To me these categories of knowledge sit in pitiful contrast to categories of ‘secular subjects’ and ‘deeni subjects’ which many use today. It’s incredibly dubious that the study of the natural world, languages and people could be passed off as ‘secular subjects’ when the Qur’an spoke of them in a positive light. Such views are premised by the fear that so-called ‘secular subjects’ might teach values contrary to Islam. But, to me this is a smokescreen of a lack of intellectual grounding in people’s own faith assumptions, as part of the ‘crises in intellect.’ You only have to ask yourself, then, why did earlier scholars go to such great effort, verging on obsession – perhaps, to categories different types of knowledge, if ‘ilm only meant religious knowledge? There are deep wisdoms in this which are worth pondering over.

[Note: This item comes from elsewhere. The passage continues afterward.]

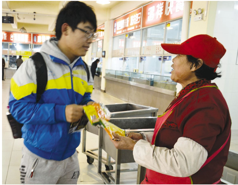
志愿者向保洁员阿姨赠送清洁胶皮手套

讲文明、树新风,让雷锋精神吹遍校园。3月5日,由我院勤工助学组织——阳光社的学生们组成的志愿团队纷纷行动起来,如火如荼地开展了“谁是校园里最美的人”关爱校内务工人员爱心公益活动,感受雷锋精神,弘扬雷锋精神,践行雷锋精神,释放青春正能量。

Unfortunately, today, the tendency to reduce terms like ‘alim and ‘ilm is unhelpful. It does sometimes feel that far too many of us want to minimise possibilities of meanings to produce tight-fisted, no-nonsense answers, as if this is what is needed for ordinary people to understand and as a necessary response to the wishy-washy relativism of modernity. But in doing so, we also score many own goals. We reinforce the idea of the ‘religious man’ as distinct to the ‘thinking man,’ and our most learned in religion appear not as people who think, ponder and ask questions, but exactly the opposite.

These are not new problems. But the big difference in our times is that we don’t have figures like al-Ghazzali, Ibn Rushd, al-Shirazi, al-Biruni etc. to help us. What we do have though is the choice to gain a more nuanced understanding of these basic terms.